## Data for review

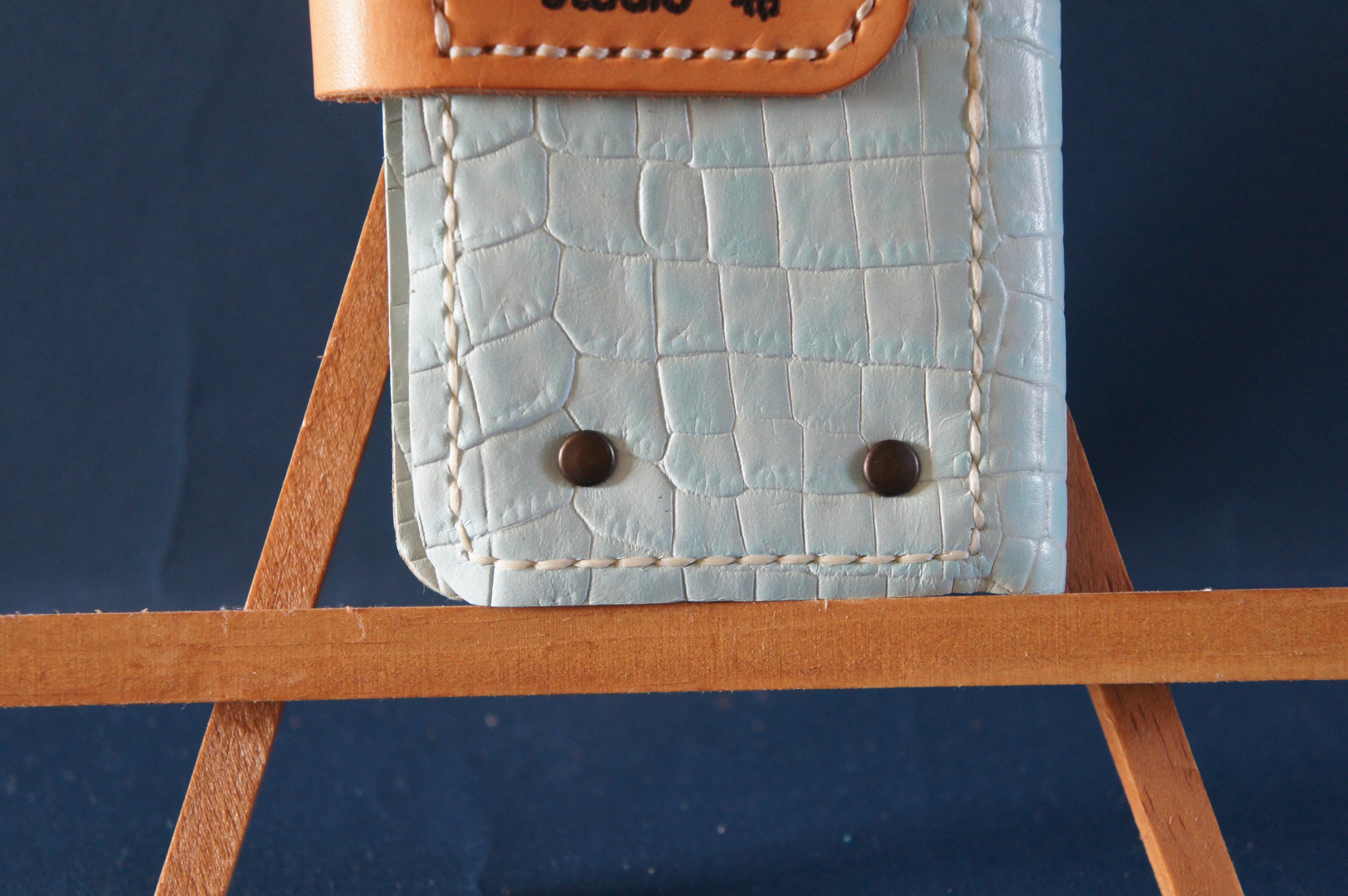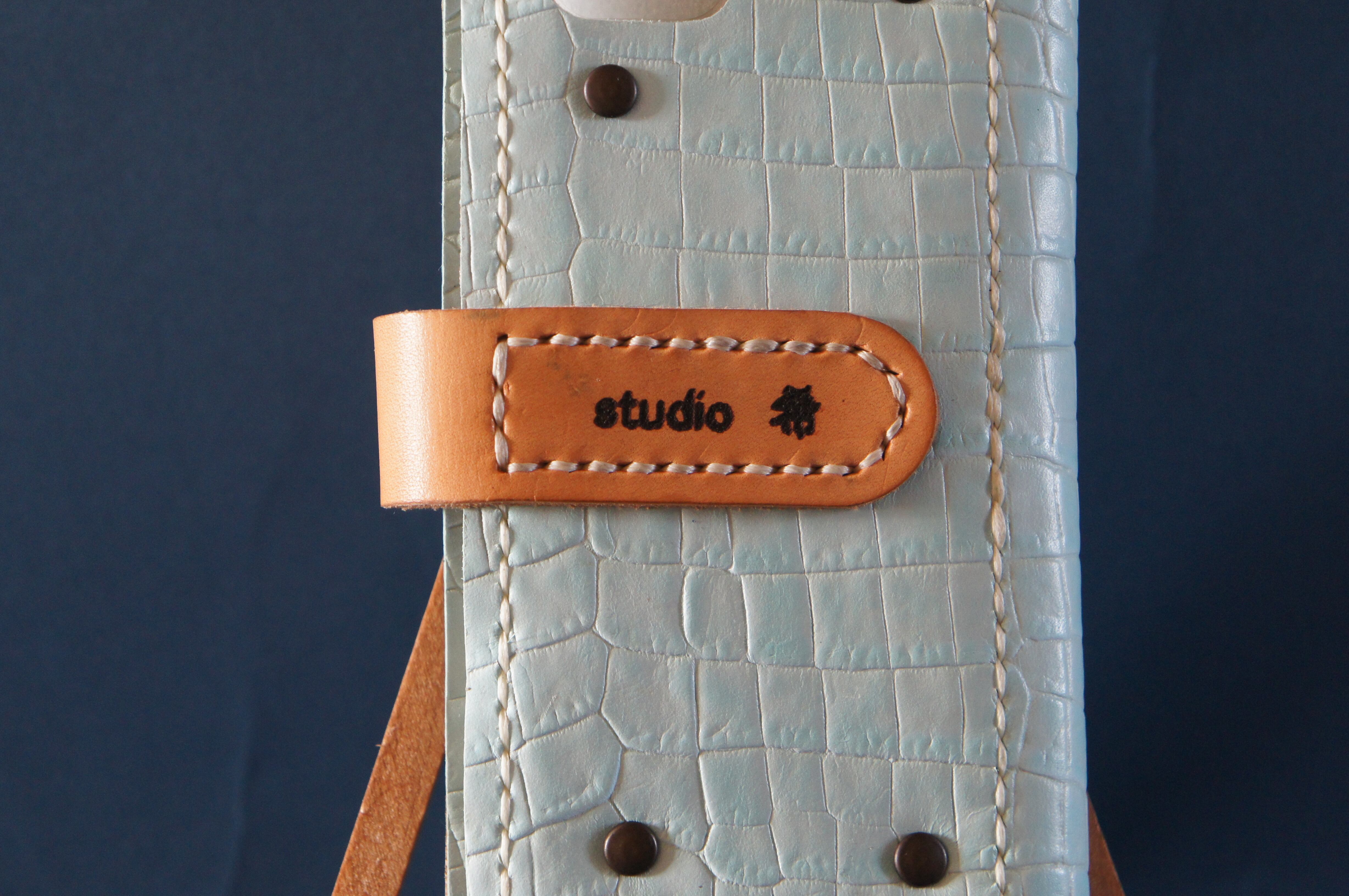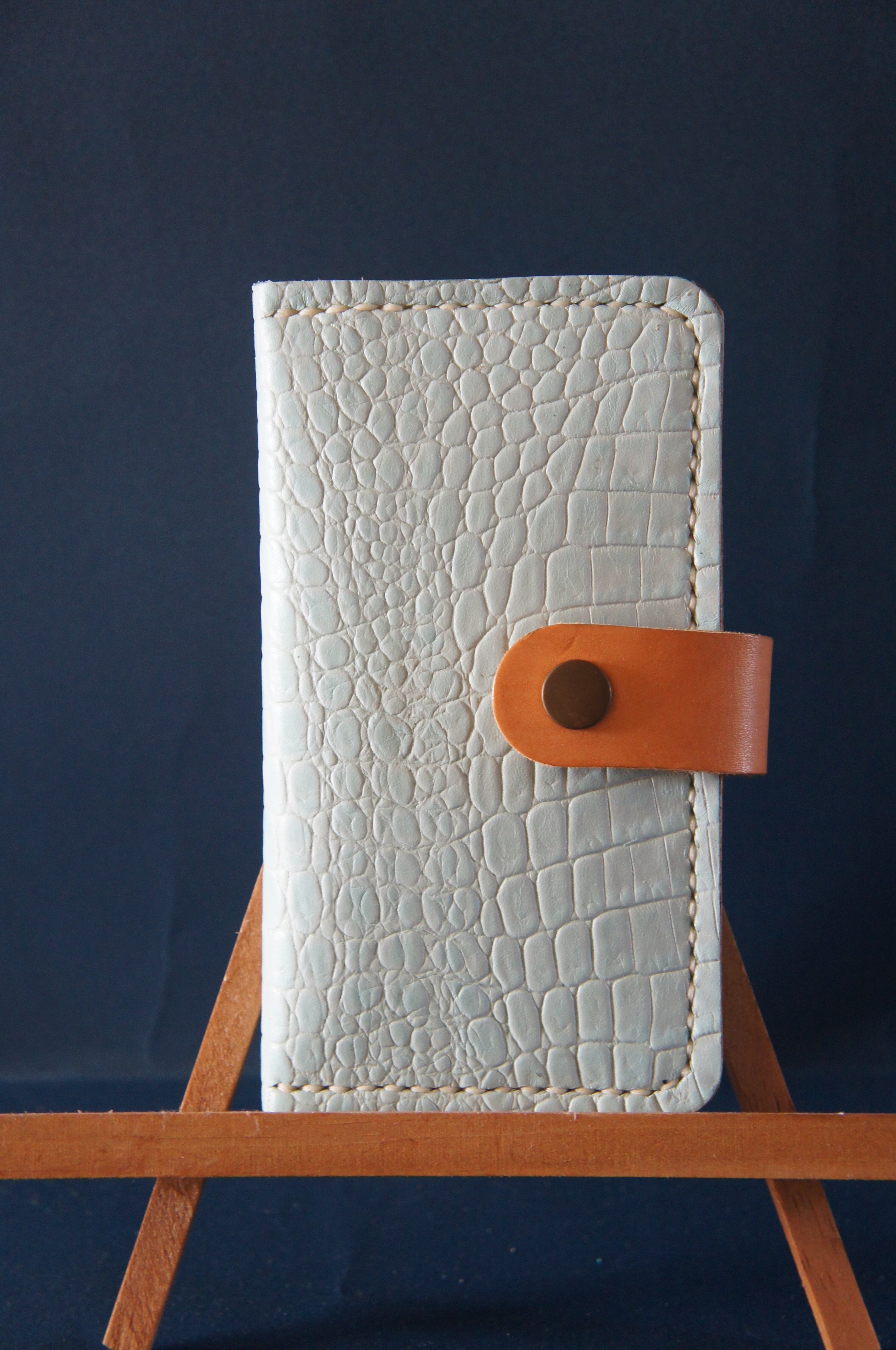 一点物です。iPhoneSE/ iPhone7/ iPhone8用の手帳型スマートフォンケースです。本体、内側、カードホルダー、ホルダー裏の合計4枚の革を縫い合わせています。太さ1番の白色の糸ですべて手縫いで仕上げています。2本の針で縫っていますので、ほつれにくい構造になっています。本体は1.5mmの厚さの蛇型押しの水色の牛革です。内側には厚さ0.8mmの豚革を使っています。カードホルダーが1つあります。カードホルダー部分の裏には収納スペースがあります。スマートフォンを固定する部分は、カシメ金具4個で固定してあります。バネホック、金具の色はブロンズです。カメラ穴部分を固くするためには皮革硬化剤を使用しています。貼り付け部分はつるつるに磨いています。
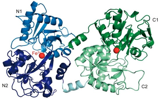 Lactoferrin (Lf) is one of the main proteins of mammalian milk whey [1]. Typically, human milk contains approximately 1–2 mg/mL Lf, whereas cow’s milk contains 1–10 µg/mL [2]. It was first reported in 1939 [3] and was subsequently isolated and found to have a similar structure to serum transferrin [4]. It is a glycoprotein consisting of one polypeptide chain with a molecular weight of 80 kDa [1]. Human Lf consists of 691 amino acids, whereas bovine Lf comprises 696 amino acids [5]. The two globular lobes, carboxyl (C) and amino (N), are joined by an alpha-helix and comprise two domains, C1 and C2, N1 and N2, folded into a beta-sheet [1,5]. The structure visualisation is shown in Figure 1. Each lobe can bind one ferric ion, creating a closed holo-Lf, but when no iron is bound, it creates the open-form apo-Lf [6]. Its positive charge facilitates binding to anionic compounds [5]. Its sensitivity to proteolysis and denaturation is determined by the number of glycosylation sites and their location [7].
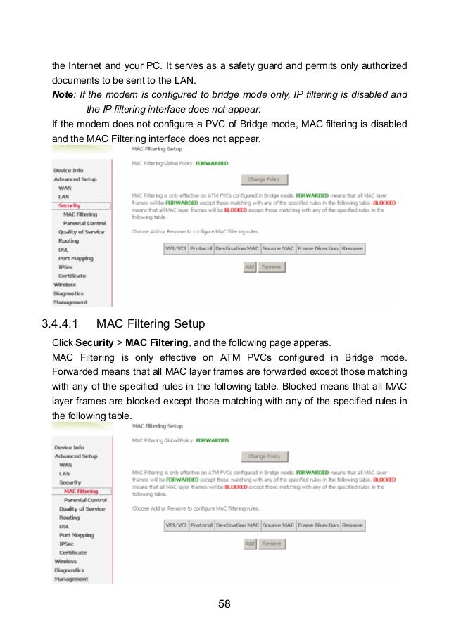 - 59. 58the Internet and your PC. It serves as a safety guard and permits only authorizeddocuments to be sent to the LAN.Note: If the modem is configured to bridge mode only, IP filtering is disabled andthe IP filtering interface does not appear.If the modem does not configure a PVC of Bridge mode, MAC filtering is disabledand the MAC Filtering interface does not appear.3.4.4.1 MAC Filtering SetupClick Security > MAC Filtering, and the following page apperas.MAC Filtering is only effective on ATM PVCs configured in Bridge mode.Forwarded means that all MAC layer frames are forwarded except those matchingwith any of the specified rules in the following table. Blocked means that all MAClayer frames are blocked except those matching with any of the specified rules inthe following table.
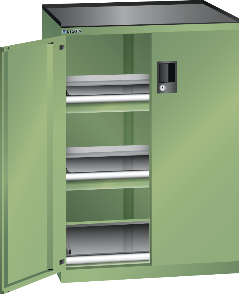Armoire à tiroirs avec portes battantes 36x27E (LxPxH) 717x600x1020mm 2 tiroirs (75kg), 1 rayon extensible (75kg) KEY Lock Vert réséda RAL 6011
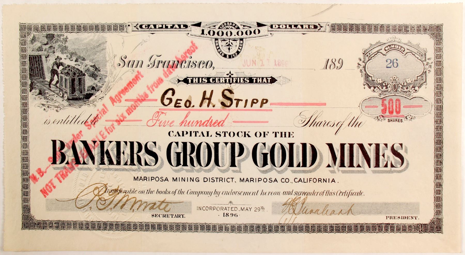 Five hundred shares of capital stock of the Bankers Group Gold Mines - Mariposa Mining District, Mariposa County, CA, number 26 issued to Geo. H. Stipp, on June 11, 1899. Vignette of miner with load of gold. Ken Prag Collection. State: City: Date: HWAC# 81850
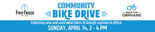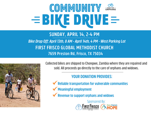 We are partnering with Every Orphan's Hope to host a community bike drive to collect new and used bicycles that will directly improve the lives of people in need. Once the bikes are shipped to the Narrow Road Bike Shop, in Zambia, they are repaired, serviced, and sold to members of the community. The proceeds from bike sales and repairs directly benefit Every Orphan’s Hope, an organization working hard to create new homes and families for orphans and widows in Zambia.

## Action item
Please repeat every record exactly as it stands, leaving out any pictures.

## Solution to the problem
 一点物です。iPhoneSE/ iPhone7/ iPhone8用の手帳型スマートフォンケースです。本体、内側、カードホルダー、ホルダー裏の合計4枚の革を縫い合わせています。太さ1番の白色の糸ですべて手縫いで仕上げています。2本の針で縫っていますので、ほつれにくい構造になっています。本体は1.5mmの厚さの蛇型押しの水色の牛革です。内側には厚さ0.8mmの豚革を使っています。カードホルダーが1つあります。カードホルダー部分の裏には収納スペースがあります。スマートフォンを固定する部分は、カシメ金具4個で固定してあります。バネホック、金具の色はブロンズです。カメラ穴部分を固くするためには皮革硬化剤を使用しています。貼り付け部分はつるつるに磨いています。
 Lactoferrin (Lf) is one of the main proteins of mammalian milk whey [1]. Typically, human milk contains approximately 1–2 mg/mL Lf, whereas cow’s milk contains 1–10 µg/mL [2]. It was first reported in 1939 [3] and was subsequently isolated and found to have a similar structure to serum transferrin [4]. It is a glycoprotein consisting of one polypeptide chain with a molecular weight of 80 kDa [1]. Human Lf consists of 691 amino acids, whereas bovine Lf comprises 696 amino acids [5]. The two globular lobes, carboxyl (C) and amino (N), are joined by an alpha-helix and comprise two domains, C1 and C2, N1 and N2, folded into a beta-sheet [1,5]. The structure visualisation is shown in Figure 1. Each lobe can bind one ferric ion, creating a closed holo-Lf, but when no iron is bound, it creates the open-form apo-Lf [6]. Its positive charge facilitates binding to anionic compounds [5]. Its sensitivity to proteolysis and denaturation is determined by the number of glycosylation sites and their location [7].
 - 59. 58the Internet and your PC. It serves as a safety guard and permits only authorizeddocuments to be sent to the LAN.Note: If the modem is configured to bridge mode only, IP filtering is disabled andthe IP filtering interface does not appear.If the modem does not configure a PVC of Bridge mode, MAC filtering is disabledand the MAC Filtering interface does not appear.3.4.4.1 MAC Filtering SetupClick Security > MAC Filtering, and the following page apperas.MAC Filtering is only effective on ATM PVCs configured in Bridge mode.Forwarded means that all MAC layer frames are forwarded except those matchingwith any of the specified rules in the following table. Blocked means that all MAClayer frames are blocked except those matching with any of the specified rules inthe following table.
Armoire à tiroirs avec portes battantes 36x27E (LxPxH) 717x600x1020mm 2 tiroirs (75kg), 1 rayon extensible (75kg) KEY Lock Vert réséda RAL 6011
 Five hundred shares of capital stock of the Bankers Group Gold Mines - Mariposa Mining District, Mariposa County, CA, number 26 issued to Geo. H. Stipp, on June 11, 1899. Vignette of miner with load of gold. Ken Prag Collection. State: City: Date: HWAC# 81850
 We are partnering with Every Orphan's Hope to host a community bike drive to collect new and used bicycles that will directly improve the lives of people in need. Once the bikes are shipped to the Narrow Road Bike Shop, in Zambia, they are repaired, serviced, and sold to members of the community. The proceeds from bike sales and repairs directly benefit Every Orphan’s Hope, an organization working hard to create new homes and families for orphans and widows in Zambia.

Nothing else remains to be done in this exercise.